------ Working data ------
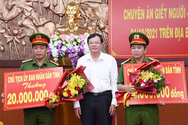Tại buổi họp báo, ông Lê Văn Hẳn, Chủ tịch UBND tỉnh Trà Vinh đã thưởng nóng cho tập thể Phòng Cảnh sát hình sự và Công an TP Trà Vinh, tặng Bằng khen cho 6 cá nhân đã có thành tích xuất sắc trong việc khám phá nhanh chuyên án.
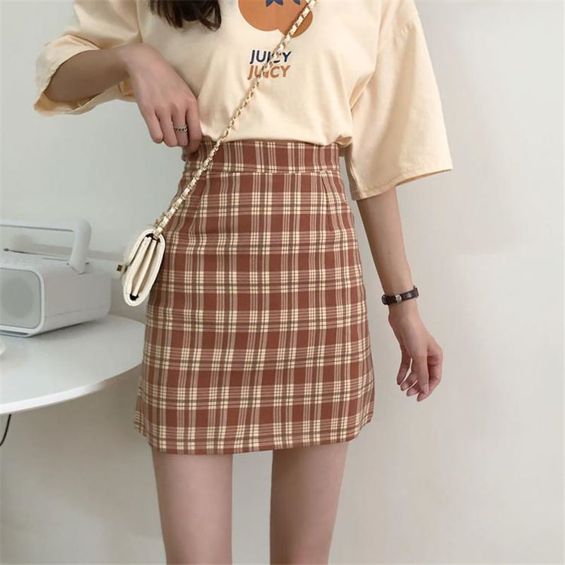 复古a字裙格子包臀裙防走光春夏显瘦学生一步短裙ins半身裙潮
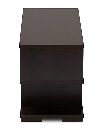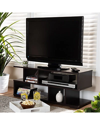 - Design details: A clean, contemporary design makes the Arne TV stand an easy addition to any living space. Constructed from wood, the Andor features a dark brown finish for a refined look. Six open shelves provide space to display entertainment consoles, DVDs, and more. Each shelf is a different size, giving this piece a cool, modern look. The Arne TV stand is made in Malaysia and requires assembly.
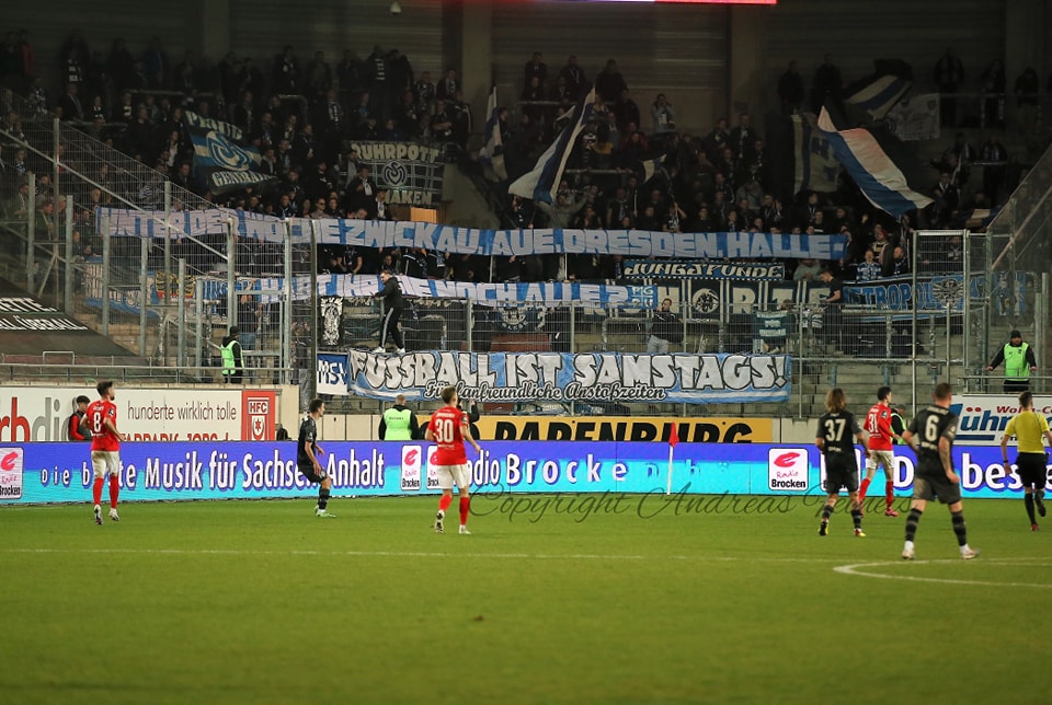Die mitgereisten MSV Duisburg-Fans protestierten gegen fanunfreundliche Anstoßzeit am Freitagabend. Nachdem die Zebras bereits drei Mal zu fanunfreundlichen Zeiten im Osten antreten mussten, folgte nun das Auswärtsspiel in Halle. „Eure Anstoßzeiten machen uns krank“ und „Unter der Woche Zwickau, Aue, Dresden, Halle – Habt ihr sie noch alle?“ war deshalb im Gästeblock zu lesen. Zudem wurde dort die „Fußball ist samstags!“-Fahne gezeigt. (Faszination Fankurve, 25.03.2023)
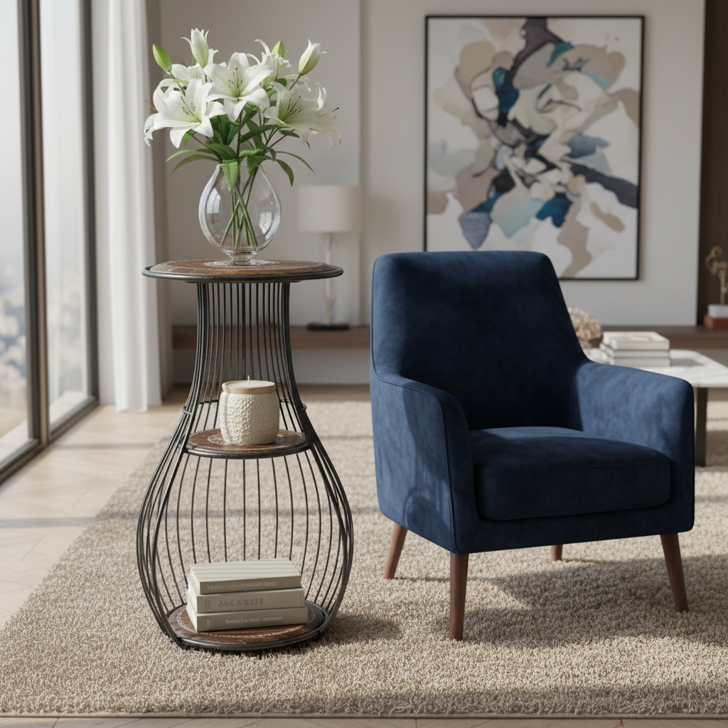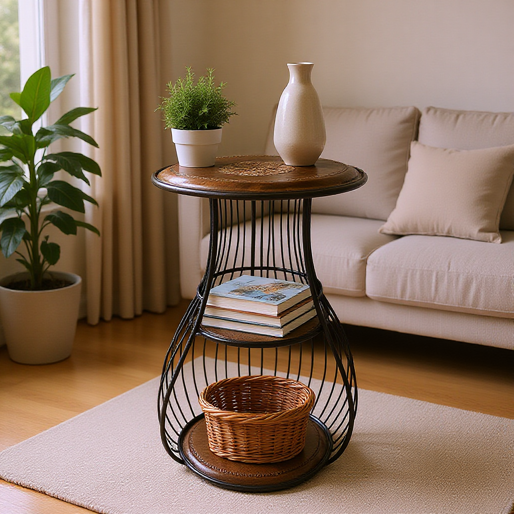 Doğal ahşabın sıcaklığı ile ferforjenin zarif duruşu bir araya geliyor.Üç katlı yapısı sayesinde hem dekoratif objelerinizi sergilemek hem de küçük bitkiler,mumlar,minik aksesuarlar için fonksiyonel bir alan oluşturur.
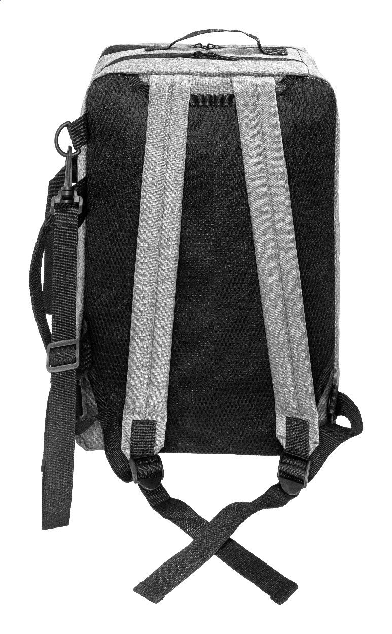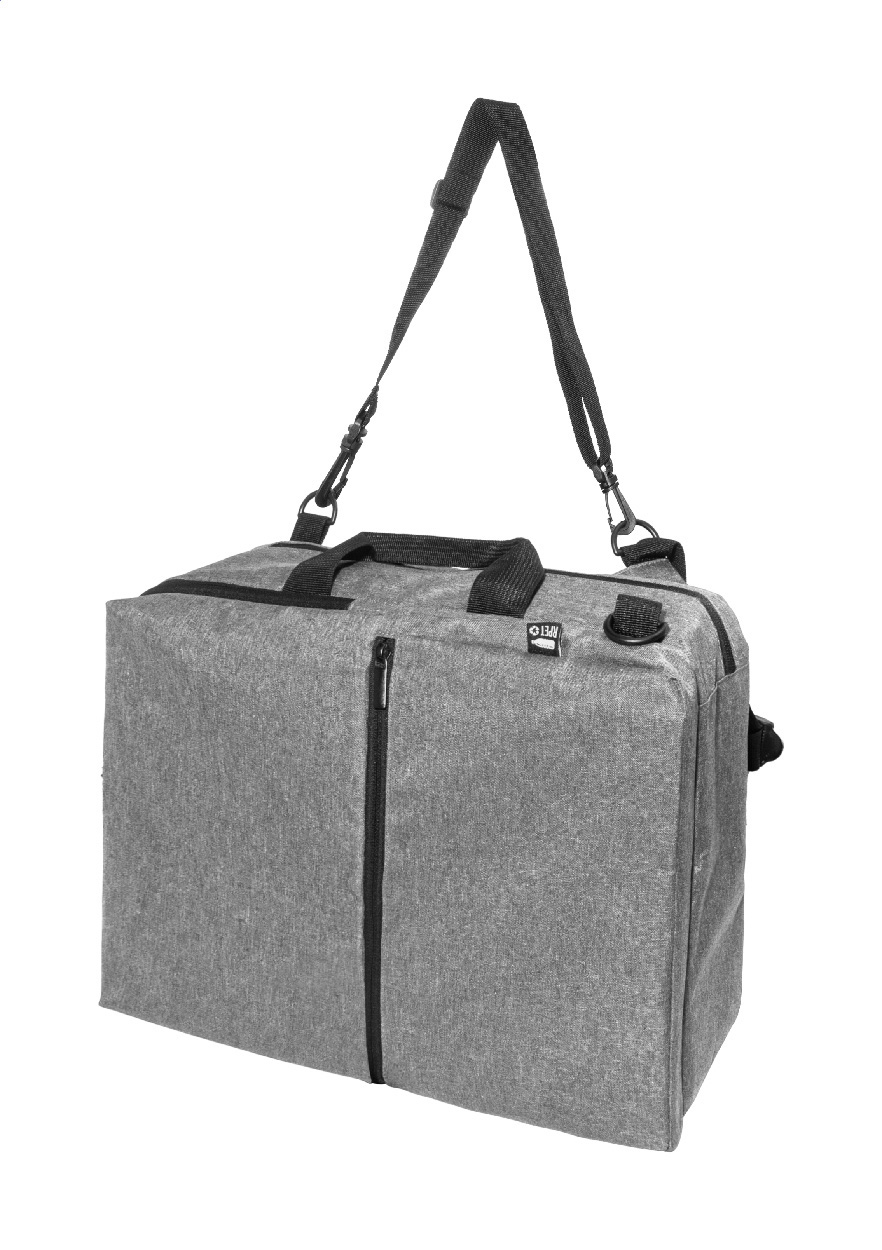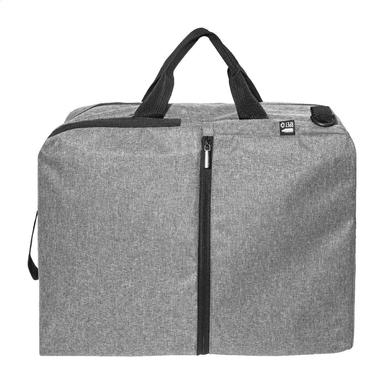 RPET-Rucksack und Dokumententasche mit Doppelfunktion, mit Reißverschlussfach, 2 Reißverschluss-Fronttaschen und gepolstertem Laptopfach (15"). Mit gepolstertem Rücken und Schultergurten. Inklusive zusätzlichem abnehmbaren Schultergurt zur Verwendung als Dokumententasche. Material: 600D RPET-Polyester. Mit RPET-Label.
------
## [Task to complete]
"复古a字裙格子包臀裙防走光春夏显瘦学生一步短裙ins半身裙潮" marks the last line to keep. Retype every line from the start of the entries through that one, exactly, and drop the pictures.

## [Answer to the problem]
Tại buổi họp báo, ông Lê Văn Hẳn, Chủ tịch UBND tỉnh Trà Vinh đã thưởng nóng cho tập thể Phòng Cảnh sát hình sự và Công an TP Trà Vinh, tặng Bằng khen cho 6 cá nhân đã có thành tích xuất sắc trong việc khám phá nhanh chuyên án.
 复古a字裙格子包臀裙防走光春夏显瘦学生一步短裙ins半身裙潮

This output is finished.